--- START ---
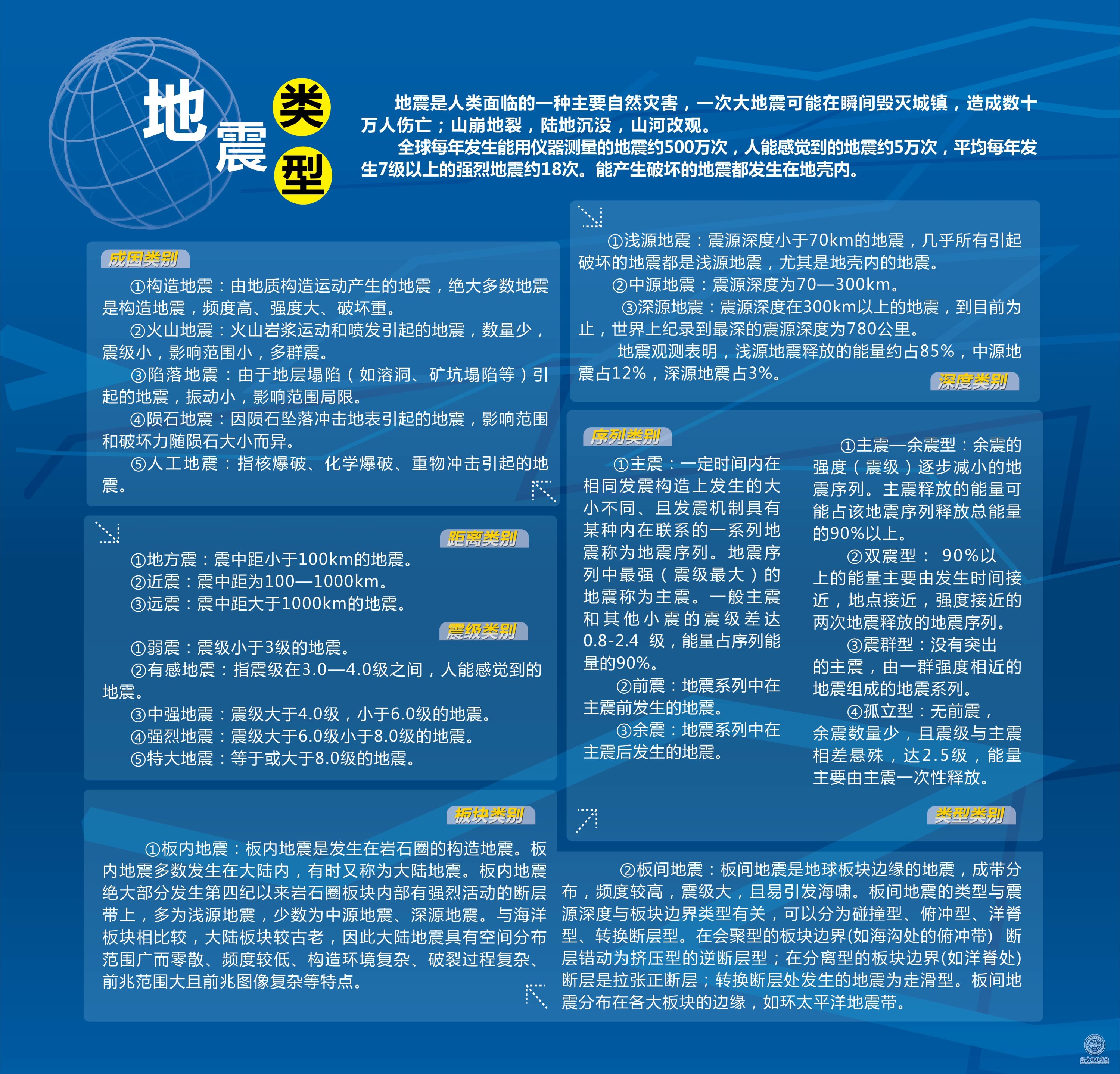 地震是人類面臨的一種主要自然災(zāi)害,一次大地震可能在瞬間毀滅城鎮(zhèn),造成數(shù)十萬人傷亡;山崩地裂,陸地沉沒,山河改觀。 全球每年發(fā)生能用儀器測量的地震約500萬次,人能感覺到的地震約5萬次,平均每年發(fā)生7級以上的強(qiáng)烈地震約18次。能產(chǎn)生破壞的地震都發(fā)生在地殼內(nèi)。 成因類別 ①構(gòu)造地震:由地質(zhì)構(gòu)造運(yùn)動產(chǎn)生的地震,絕大多數(shù)地震是構(gòu)造地震,頻度高、強(qiáng)度大、破壞重。 ②火山地震:火山巖漿運(yùn)動和噴發(fā)引起的地震,數(shù)量少,震級小,影響范圍小,多群震。 ③陷落地震:由于地層塌陷(如溶洞、礦坑塌陷等)引起的地震,振動小,影響范圍局限。 ④隕石地震:因隕石墜落沖擊地表引起的地震,影響范圍和破壞力隨隕石大小而異。 ⑤人工地震:指核爆破、化學(xué)爆破、重物沖擊引起的地震。 深度類別 ①淺源地震:震源深度小于70km的地震,幾乎所有引起破壞的地震都是淺源地震,尤其是地殼內(nèi)的地震。 ②中源地震:震源深度為70—300km。 ③深源地震:震源深度在300km以上的地震,到目前為止,世界上紀(jì)錄到最深的震源深度為780公里。 地震觀測表明,淺源地震釋放的能量約占85%,中源地震占12%,深源地震占3%。 距離類別 ①地方震:震中距小于100km的地震。 ②近震:震中距為100—1000km。 ③遠(yuǎn)震:震中距大于1000km的地震。 震級類別 ①弱震:震級小于3級的地震。 ②有感地震:指震級在3.0—4.0級之間,人能感覺到的地震。 ③中強(qiáng)地震:震級大于4.0級,小于6.0級的地震。 ④強(qiáng)烈地震:震級大于6.0級小于8.0級的地震。 ⑤特大地震:等于或大于8.0級的地震。 序列類別 ①主震:一定時(shí)間內(nèi)在相同發(fā)震構(gòu)造上發(fā)生的大小不同、且發(fā)震機(jī)制具有某種內(nèi)在聯(lián)系的一系列地震稱為地震序列。地震序列中最強(qiáng)(震級最大)的地震稱為主震。一般主震和其他小震的震級差達(dá)0.8-2.4 級,能量占序列能量的90%。 ②前震:地震系列中在主震前發(fā)生的地震。 ③余震:地震系列中在主震后發(fā)生的地震。 類型類別 ①主震—余震型:余震的強(qiáng)度(震級)逐步減小的地震序列。主震釋放的能量可能占該地震序列釋放總能量的90%以上。 ②雙震型:90%以上的能量主要由發(fā)生時(shí)間接近,地點(diǎn)接近,強(qiáng)度接近的兩次地震釋放的地震序列。 ③震群型:沒有突出的主震,由一群強(qiáng)度相近的地震組成的地震系列。 ④孤立型:無前震,余震數(shù)量少,且震級與主震相差懸殊,達(dá)2.5級,能量主要由主震一次性釋放。 板塊類別 ①板內(nèi)地震:板內(nèi)地震是發(fā)生在巖石圈的構(gòu)造地震。板內(nèi)地震多數(shù)發(fā)生在大陸內(nèi),有時(shí)又稱為大陸地震。板內(nèi)地震絕大部分發(fā)生第四紀(jì)以來巖石圈板塊內(nèi)部有強(qiáng)烈活動的斷層帶上,多為淺源地震,少數(shù)為中源地震、深源地震。與海洋板塊相比較,大陸板塊較古老,因此大陸地震具有空間分布范圍廣而零散、頻度較低、構(gòu)造環(huán)境復(fù)雜、破裂過程復(fù)雜、前兆范圍大且前兆圖像復(fù)雜等特點(diǎn)。 ②板間地震:板間地震是地球板塊邊緣的地震,成帶分布,頻度較高,震級大,且易引發(fā)海嘯。板間地震的類型與震源深度與板塊邊界類型有關(guān),可以分為碰撞型、俯沖型、洋脊型、轉(zhuǎn)換斷層型。在會聚型的板塊邊界(如海溝處的俯沖帶) 斷層錯(cuò)動為擠壓型的逆斷層型;在分離型的板塊邊界(如洋脊處) 斷層是拉張正斷層;轉(zhuǎn)換斷層處發(fā)生的地震為走滑型。板間地震分布在各大板塊的邊緣,如環(huán)太平洋地震帶。 |
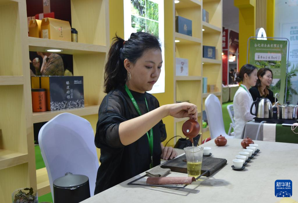 11月16日,在第十六届海峡两岸茶博会现场,茶艺师在冲泡茶叶。
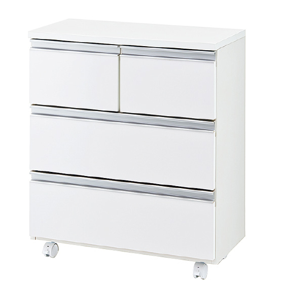 天板と前板はお手入れしやすい鏡面仕上げ。出っ張りのないフラットタイプの取っ手。幅広の引き出しはスライドレール式。
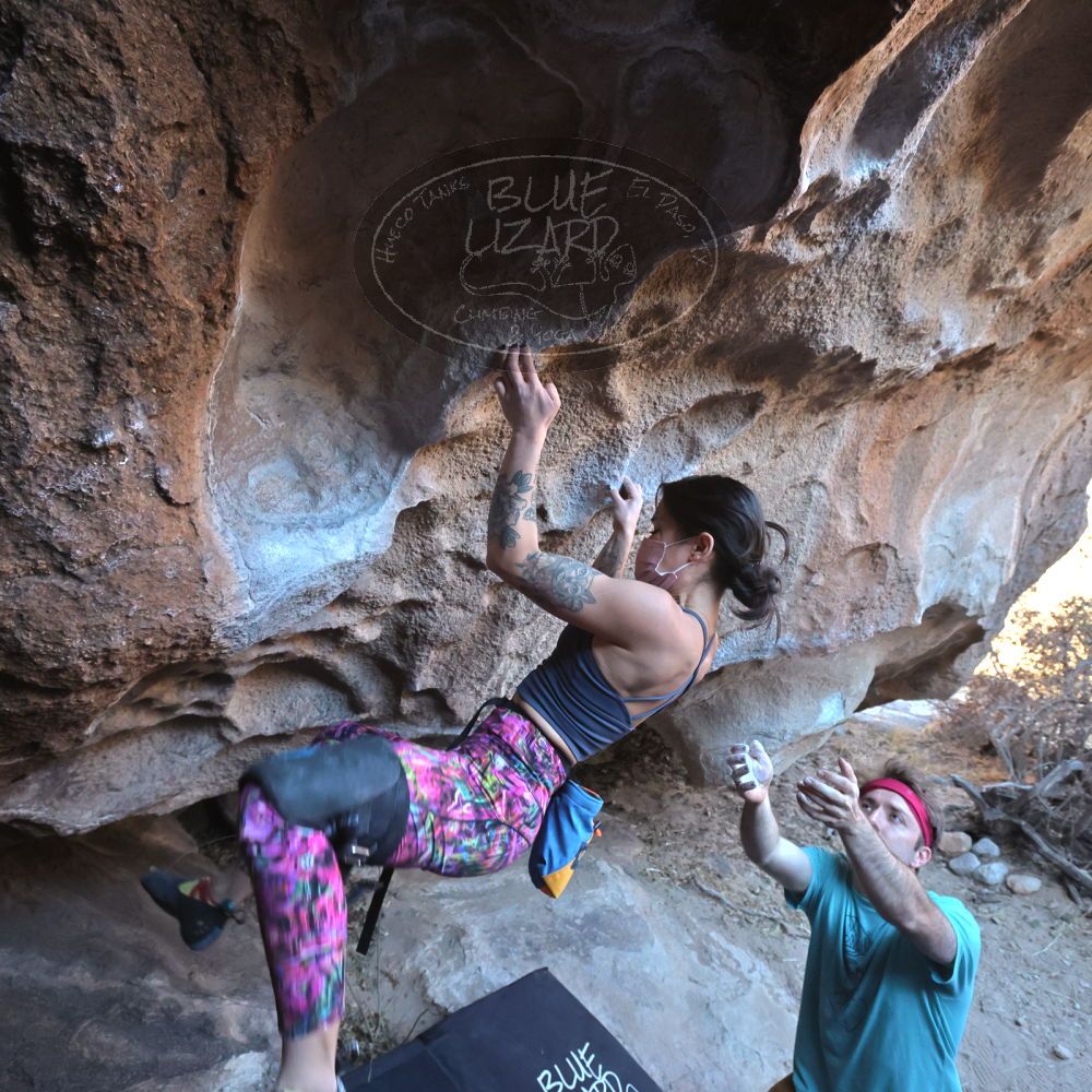 Blue Lizard Climbing and Yoga Hueco Tanks guiding on February 20, 2022, with Cam, Ian, Kamal & Jessica, Mike, and Nick
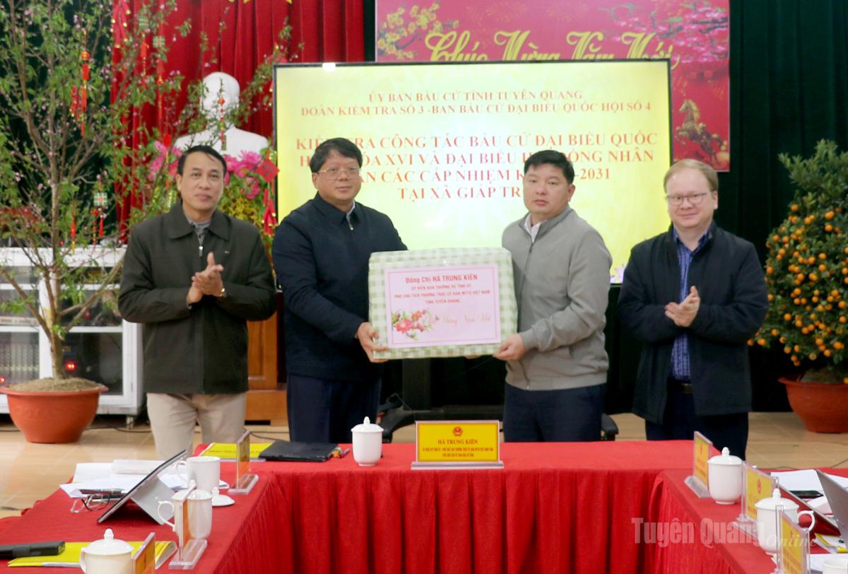 Phó Chủ tịch Thường trực Uỷ ban MTTQ tỉnh Hà Trung Kiên tặng quà cho Đảng uỷ, HĐND, UBND, Uỷ ban MTTQ Việt Nam xã Giáp Trung.
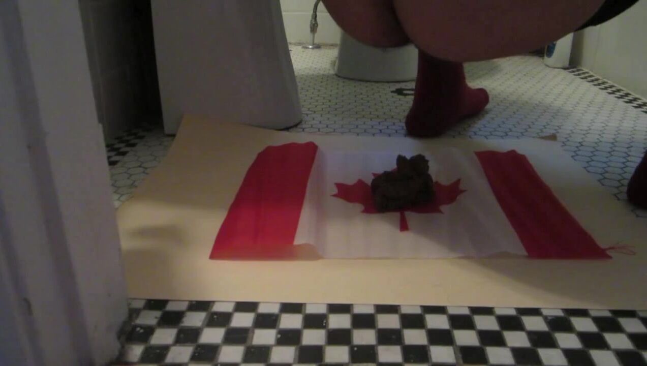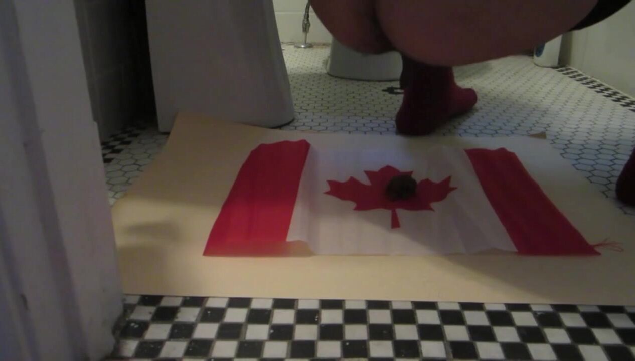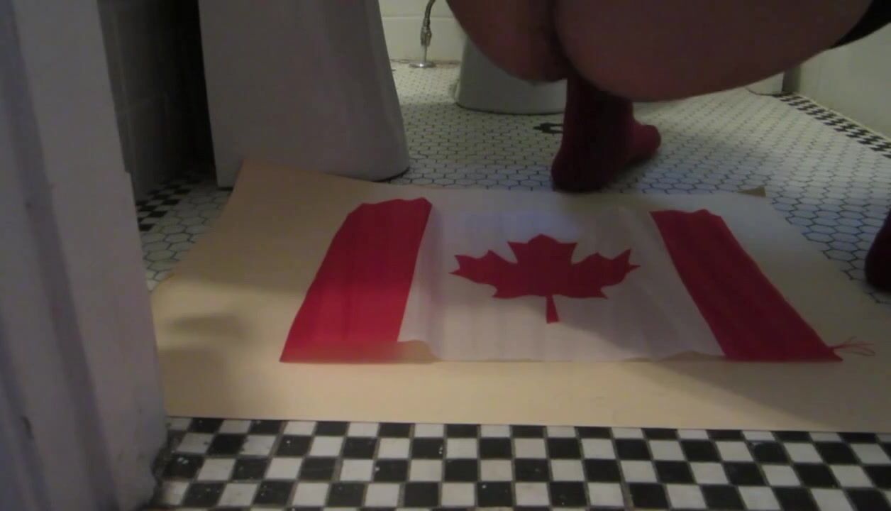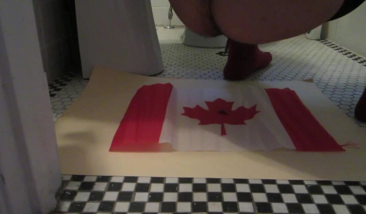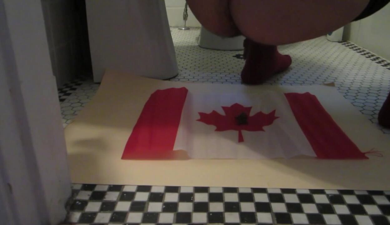 Naughty Israeli feminist, activist & artist poops on Canadian flag! :D
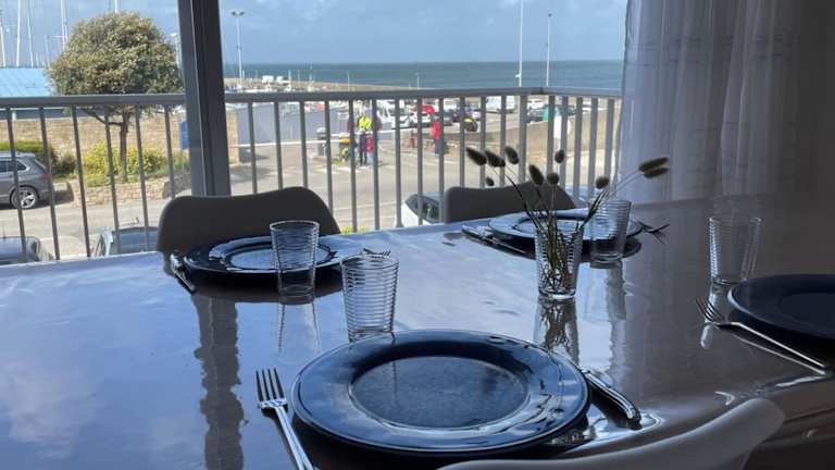 MARYLAND Sea View Port Haliguen Porigo Beach ist eine Ferienwohnung mit Meerblick, die modern eingerichtet ist und verschiedene Annehmlichkeiten bietet. Die Unterkunft verfügt über einen Balkon, ein Fitnesscenter, ein Casino und einen Tennisplatz. Zudem stehen kostenfreie Parkplätze zur Verfügung.
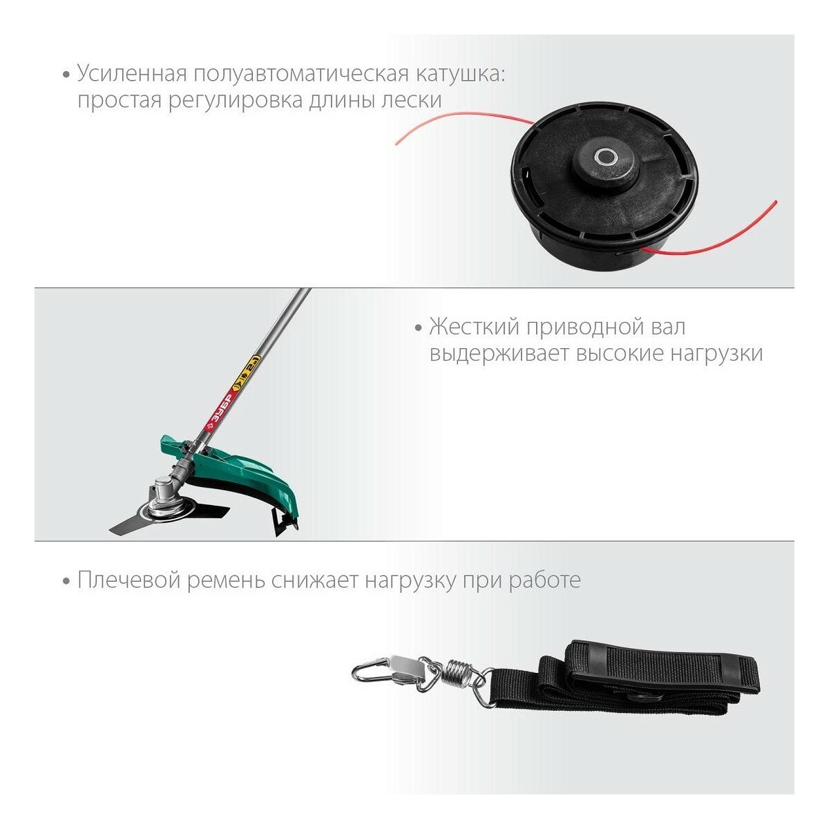| Подробная комплектация | коса, кожух защитный, катушка с леской, нож, плечевой ремень, рукоятка дополнительная с крепежом, ключ, руководство по эксплуатации |
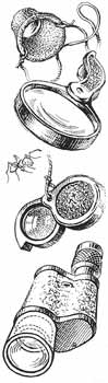 Бинокль нужен много для чего — призматический 8ми кратный. Но для объектов, находящихся ближе б метров, он не приспособлен. Однако если сделать на объективы съемные картонные насадки с плюсовыми очковыми стеклами — отлично видны и близкие предметы. Но оптические оси обеих половинок остаются параллельными — а надо бы их сводить — и у бинокля получается своего рода «косоглазие». В этом случае я применяю лишь одну насадку и использую прибор как монокуляр. С его помощью удобно наблюдать издали за работой роющих ос, жуковнавозников, кузнечиков, наездников и многих других насекомых.
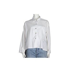 Bryn Walker Women's Small White Blouse Button-Up Cotton Hi-Low Long Sleeve Shirt
--- END ---
Omit the pictures, then output the rest of the listing exactly.

 地震是人類面臨的一種主要自然災(zāi)害,一次大地震可能在瞬間毀滅城鎮(zhèn),造成數(shù)十萬人傷亡;山崩地裂,陸地沉沒,山河改觀。 全球每年發(fā)生能用儀器測量的地震約500萬次,人能感覺到的地震約5萬次,平均每年發(fā)生7級以上的強(qiáng)烈地震約18次。能產(chǎn)生破壞的地震都發(fā)生在地殼內(nèi)。 成因類別 ①構(gòu)造地震:由地質(zhì)構(gòu)造運(yùn)動產(chǎn)生的地震,絕大多數(shù)地震是構(gòu)造地震,頻度高、強(qiáng)度大、破壞重。 ②火山地震:火山巖漿運(yùn)動和噴發(fā)引起的地震,數(shù)量少,震級小,影響范圍小,多群震。 ③陷落地震:由于地層塌陷(如溶洞、礦坑塌陷等)引起的地震,振動小,影響范圍局限。 ④隕石地震:因隕石墜落沖擊地表引起的地震,影響范圍和破壞力隨隕石大小而異。 ⑤人工地震:指核爆破、化學(xué)爆破、重物沖擊引起的地震。 深度類別 ①淺源地震:震源深度小于70km的地震,幾乎所有引起破壞的地震都是淺源地震,尤其是地殼內(nèi)的地震。 ②中源地震:震源深度為70—300km。 ③深源地震:震源深度在300km以上的地震,到目前為止,世界上紀(jì)錄到最深的震源深度為780公里。 地震觀測表明,淺源地震釋放的能量約占85%,中源地震占12%,深源地震占3%。 距離類別 ①地方震:震中距小于100km的地震。 ②近震:震中距為100—1000km。 ③遠(yuǎn)震:震中距大于1000km的地震。 震級類別 ①弱震:震級小于3級的地震。 ②有感地震:指震級在3.0—4.0級之間,人能感覺到的地震。 ③中強(qiáng)地震:震級大于4.0級,小于6.0級的地震。 ④強(qiáng)烈地震:震級大于6.0級小于8.0級的地震。 ⑤特大地震:等于或大于8.0級的地震。 序列類別 ①主震:一定時(shí)間內(nèi)在相同發(fā)震構(gòu)造上發(fā)生的大小不同、且發(fā)震機(jī)制具有某種內(nèi)在聯(lián)系的一系列地震稱為地震序列。地震序列中最強(qiáng)(震級最大)的地震稱為主震。一般主震和其他小震的震級差達(dá)0.8-2.4 級,能量占序列能量的90%。 ②前震:地震系列中在主震前發(fā)生的地震。 ③余震:地震系列中在主震后發(fā)生的地震。 類型類別 ①主震—余震型:余震的強(qiáng)度(震級)逐步減小的地震序列。主震釋放的能量可能占該地震序列釋放總能量的90%以上。 ②雙震型:90%以上的能量主要由發(fā)生時(shí)間接近,地點(diǎn)接近,強(qiáng)度接近的兩次地震釋放的地震序列。 ③震群型:沒有突出的主震,由一群強(qiáng)度相近的地震組成的地震系列。 ④孤立型:無前震,余震數(shù)量少,且震級與主震相差懸殊,達(dá)2.5級,能量主要由主震一次性釋放。 板塊類別 ①板內(nèi)地震:板內(nèi)地震是發(fā)生在巖石圈的構(gòu)造地震。板內(nèi)地震多數(shù)發(fā)生在大陸內(nèi),有時(shí)又稱為大陸地震。板內(nèi)地震絕大部分發(fā)生第四紀(jì)以來巖石圈板塊內(nèi)部有強(qiáng)烈活動的斷層帶上,多為淺源地震,少數(shù)為中源地震、深源地震。與海洋板塊相比較,大陸板塊較古老,因此大陸地震具有空間分布范圍廣而零散、頻度較低、構(gòu)造環(huán)境復(fù)雜、破裂過程復(fù)雜、前兆范圍大且前兆圖像復(fù)雜等特點(diǎn)。 ②板間地震:板間地震是地球板塊邊緣的地震,成帶分布,頻度較高,震級大,且易引發(fā)海嘯。板間地震的類型與震源深度與板塊邊界類型有關(guān),可以分為碰撞型、俯沖型、洋脊型、轉(zhuǎn)換斷層型。在會聚型的板塊邊界(如海溝處的俯沖帶) 斷層錯(cuò)動為擠壓型的逆斷層型;在分離型的板塊邊界(如洋脊處) 斷層是拉張正斷層;轉(zhuǎn)換斷層處發(fā)生的地震為走滑型。板間地震分布在各大板塊的邊緣,如環(huán)太平洋地震帶。 |
 11月16日,在第十六届海峡两岸茶博会现场,茶艺师在冲泡茶叶。
 天板と前板はお手入れしやすい鏡面仕上げ。出っ張りのないフラットタイプの取っ手。幅広の引き出しはスライドレール式。
 Blue Lizard Climbing and Yoga Hueco Tanks guiding on February 20, 2022, with Cam, Ian, Kamal & Jessica, Mike, and Nick
 Phó Chủ tịch Thường trực Uỷ ban MTTQ tỉnh Hà Trung Kiên tặng quà cho Đảng uỷ, HĐND, UBND, Uỷ ban MTTQ Việt Nam xã Giáp Trung.
 Naughty Israeli feminist, activist & artist poops on Canadian flag! :D
 MARYLAND Sea View Port Haliguen Porigo Beach ist eine Ferienwohnung mit Meerblick, die modern eingerichtet ist und verschiedene Annehmlichkeiten bietet. Die Unterkunft verfügt über einen Balkon, ein Fitnesscenter, ein Casino und einen Tennisplatz. Zudem stehen kostenfreie Parkplätze zur Verfügung.
| Подробная комплектация | коса, кожух защитный, катушка с леской, нож, плечевой ремень, рукоятка дополнительная с крепежом, ключ, руководство по эксплуатации |
 Бинокль нужен много для чего — призматический 8ми кратный. Но для объектов, находящихся ближе б метров, он не приспособлен. Однако если сделать на объективы съемные картонные насадки с плюсовыми очковыми стеклами — отлично видны и близкие предметы. Но оптические оси обеих половинок остаются параллельными — а надо бы их сводить — и у бинокля получается своего рода «косоглазие». В этом случае я применяю лишь одну насадку и использую прибор как монокуляр. С его помощью удобно наблюдать издали за работой роющих ос, жуковнавозников, кузнечиков, наездников и многих других насекомых.
 Bryn Walker Women's Small White Blouse Button-Up Cotton Hi-Low Long Sleeve Shirt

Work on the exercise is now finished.